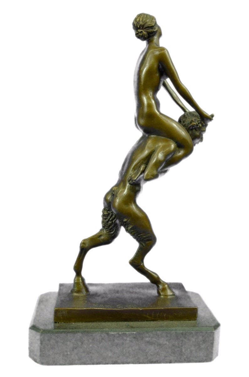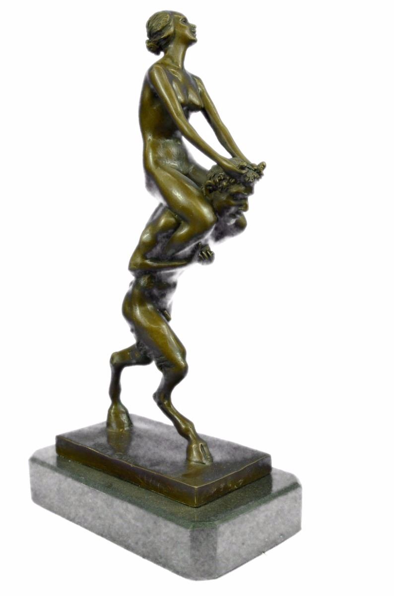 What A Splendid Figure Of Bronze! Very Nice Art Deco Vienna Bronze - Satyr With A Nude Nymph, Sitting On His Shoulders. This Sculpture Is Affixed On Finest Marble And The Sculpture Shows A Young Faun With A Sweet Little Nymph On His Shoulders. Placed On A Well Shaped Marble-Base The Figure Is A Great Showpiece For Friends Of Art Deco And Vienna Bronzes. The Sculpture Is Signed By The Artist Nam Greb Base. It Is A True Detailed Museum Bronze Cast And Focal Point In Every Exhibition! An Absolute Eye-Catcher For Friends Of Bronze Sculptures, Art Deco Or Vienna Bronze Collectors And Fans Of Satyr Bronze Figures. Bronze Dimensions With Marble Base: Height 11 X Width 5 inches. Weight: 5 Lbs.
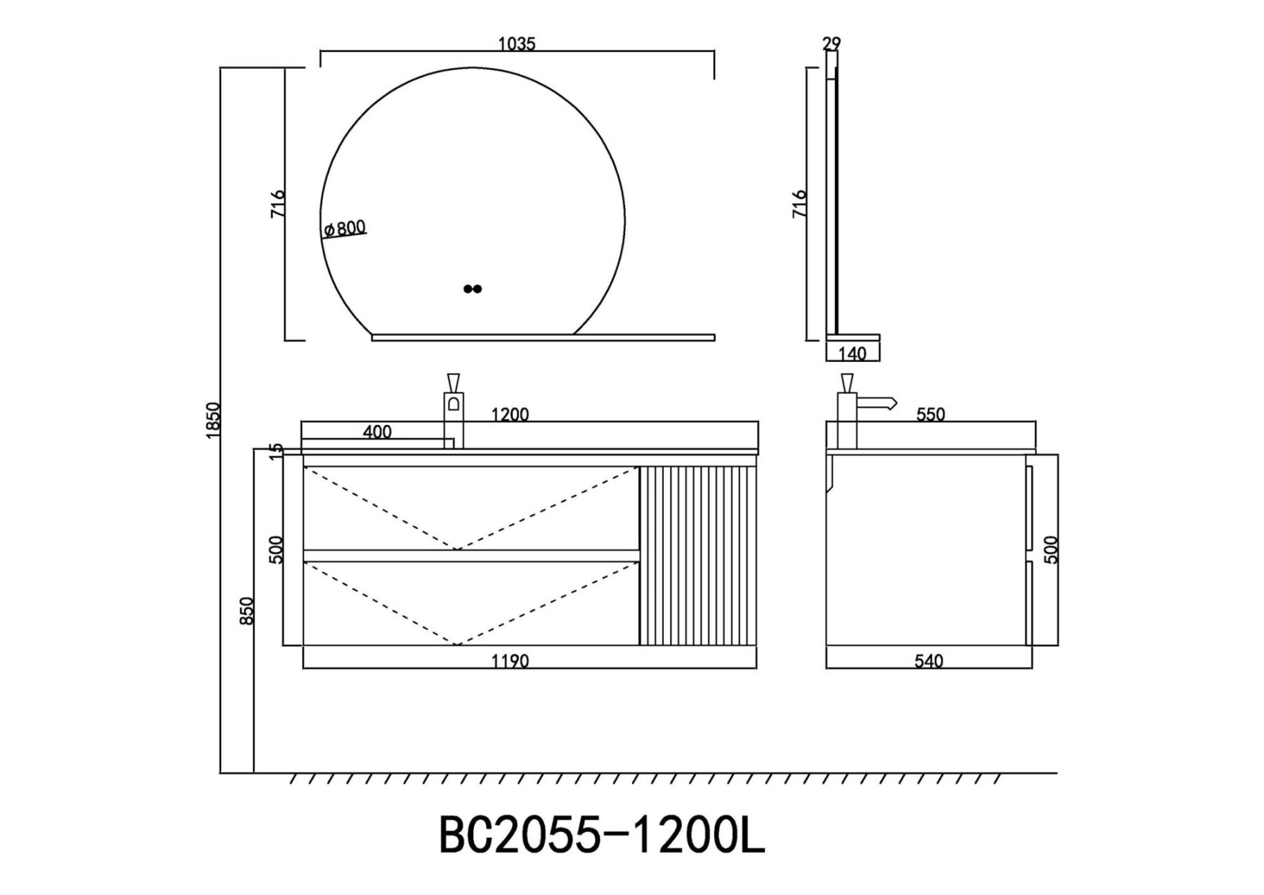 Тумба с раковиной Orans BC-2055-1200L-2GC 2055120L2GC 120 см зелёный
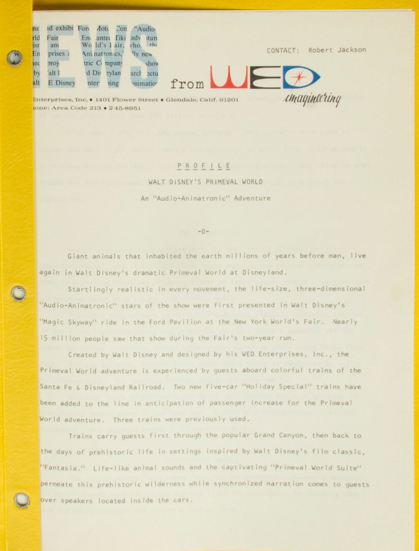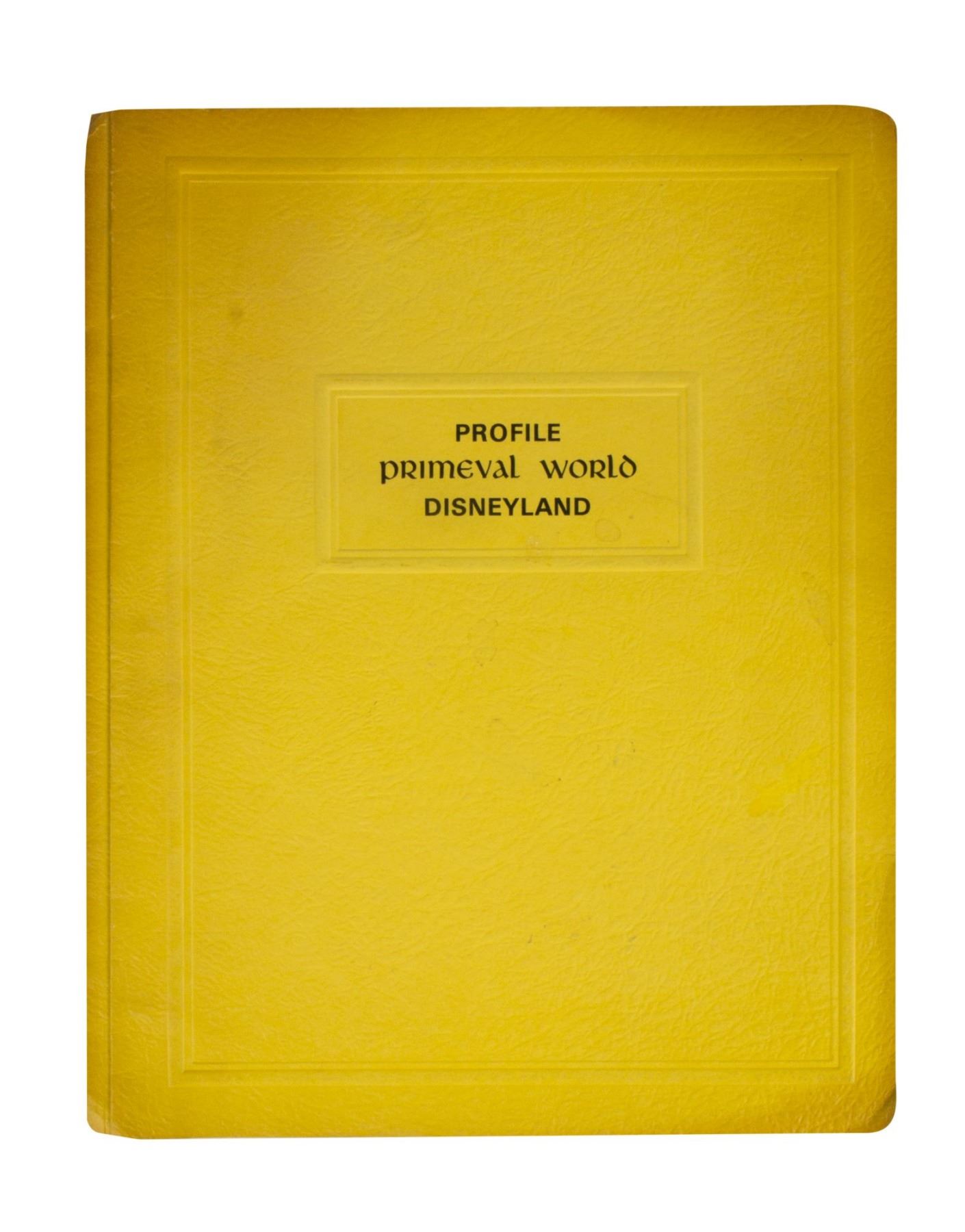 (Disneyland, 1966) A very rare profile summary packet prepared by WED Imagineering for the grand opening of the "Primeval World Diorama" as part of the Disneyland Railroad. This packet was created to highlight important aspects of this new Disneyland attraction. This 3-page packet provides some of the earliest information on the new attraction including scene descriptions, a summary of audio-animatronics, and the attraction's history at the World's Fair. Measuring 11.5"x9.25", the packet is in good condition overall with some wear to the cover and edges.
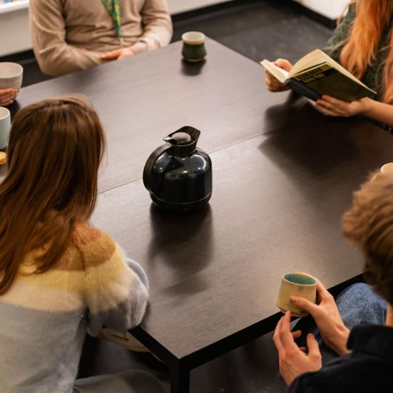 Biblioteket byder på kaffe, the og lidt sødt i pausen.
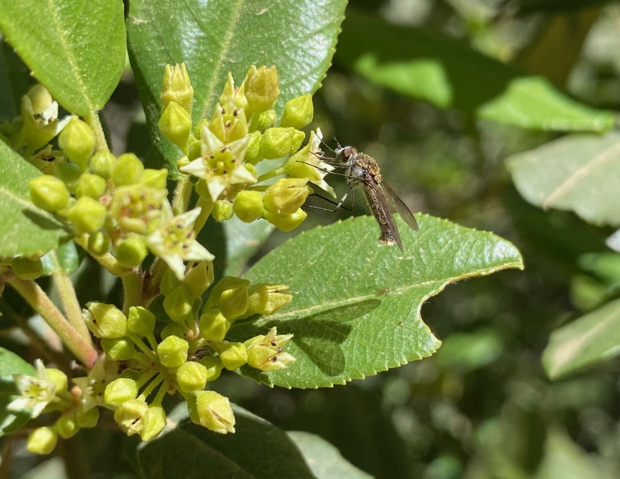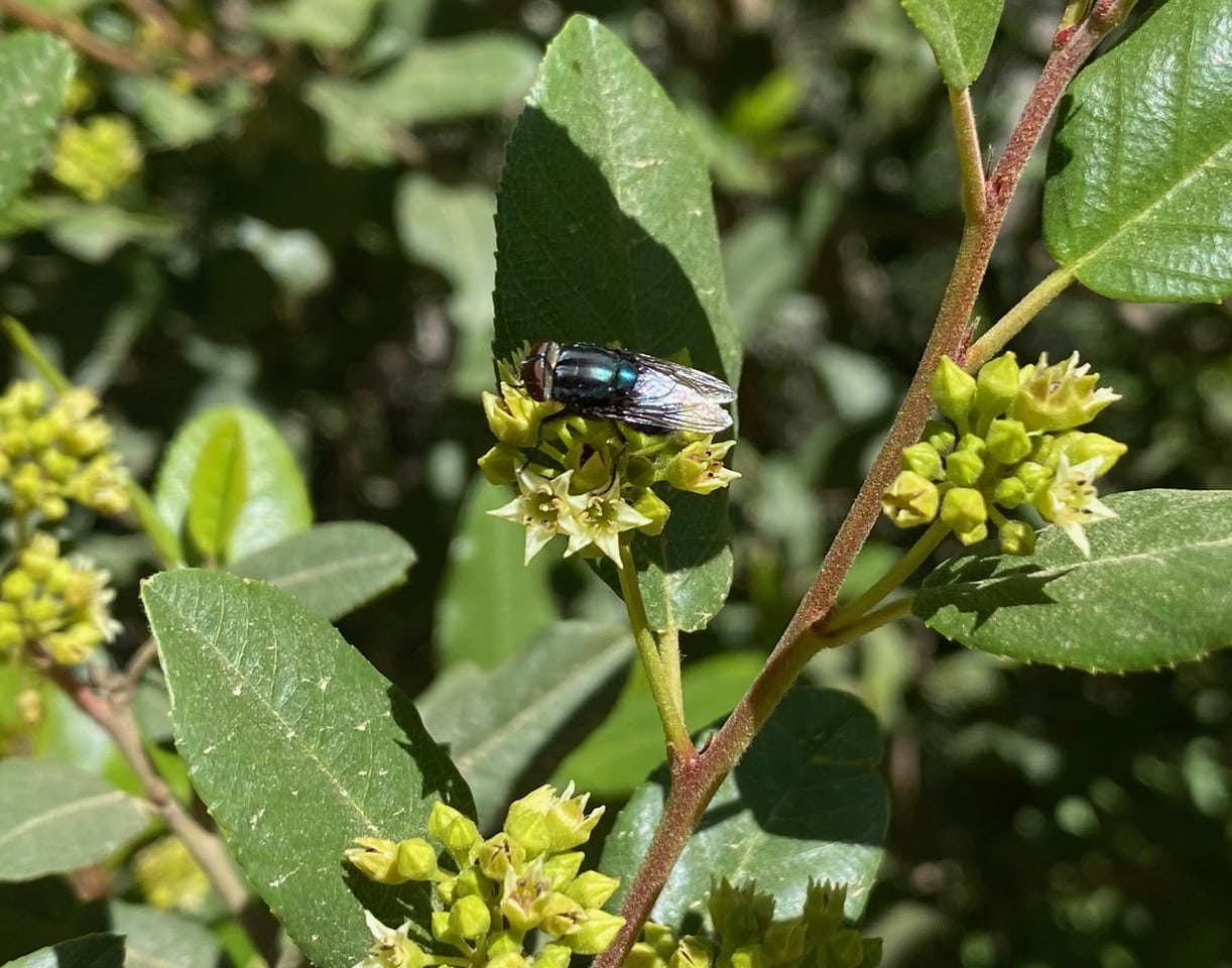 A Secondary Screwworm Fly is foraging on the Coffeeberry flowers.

________________

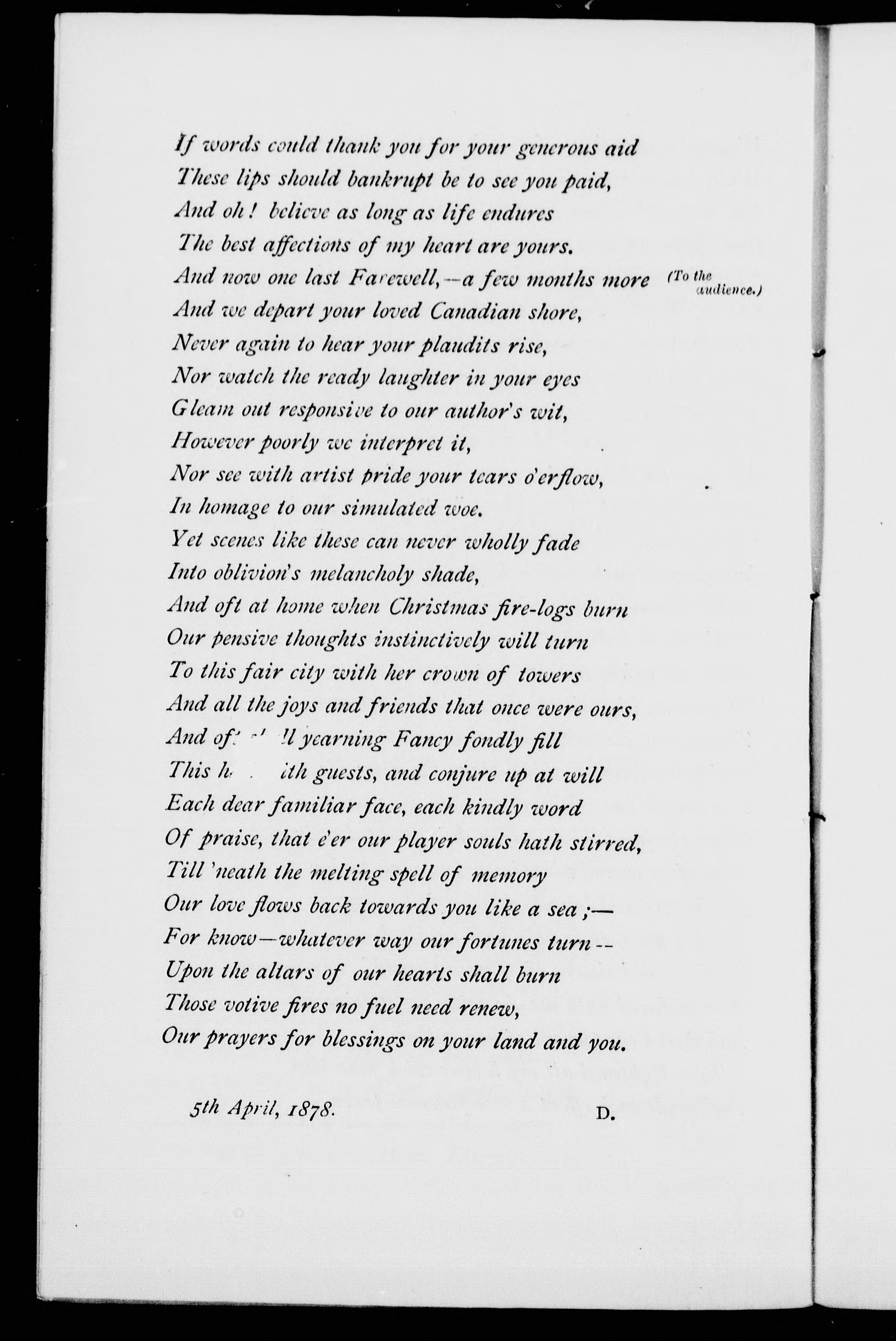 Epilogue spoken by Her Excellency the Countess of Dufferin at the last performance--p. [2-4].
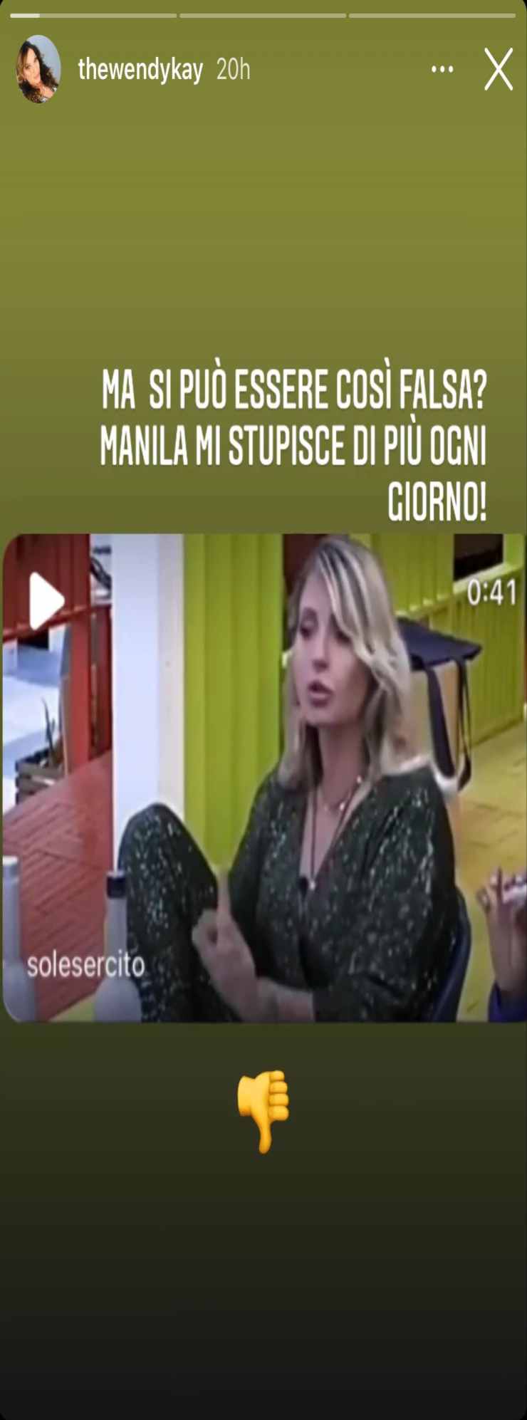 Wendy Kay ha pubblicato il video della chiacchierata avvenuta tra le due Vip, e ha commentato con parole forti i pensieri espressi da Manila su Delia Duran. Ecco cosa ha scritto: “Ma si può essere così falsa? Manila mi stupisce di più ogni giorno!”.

________________

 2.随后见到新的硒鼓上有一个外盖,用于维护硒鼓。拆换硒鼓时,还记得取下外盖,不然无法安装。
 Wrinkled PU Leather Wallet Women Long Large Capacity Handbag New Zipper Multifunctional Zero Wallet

________________

What to produce:
In the listing above, find the line containing "What A Splendid" and the line containing "Тумба с раковиной"; print those lines and every line between them exactly, leaving out pictures.

Result for this task:
 What A Splendid Figure Of Bronze! Very Nice Art Deco Vienna Bronze - Satyr With A Nude Nymph, Sitting On His Shoulders. This Sculpture Is Affixed On Finest Marble And The Sculpture Shows A Young Faun With A Sweet Little Nymph On His Shoulders. Placed On A Well Shaped Marble-Base The Figure Is A Great Showpiece For Friends Of Art Deco And Vienna Bronzes. The Sculpture Is Signed By The Artist Nam Greb Base. It Is A True Detailed Museum Bronze Cast And Focal Point In Every Exhibition! An Absolute Eye-Catcher For Friends Of Bronze Sculptures, Art Deco Or Vienna Bronze Collectors And Fans Of Satyr Bronze Figures. Bronze Dimensions With Marble Base: Height 11 X Width 5 inches. Weight: 5 Lbs.
 Тумба с раковиной Orans BC-2055-1200L-2GC 2055120L2GC 120 см зелёный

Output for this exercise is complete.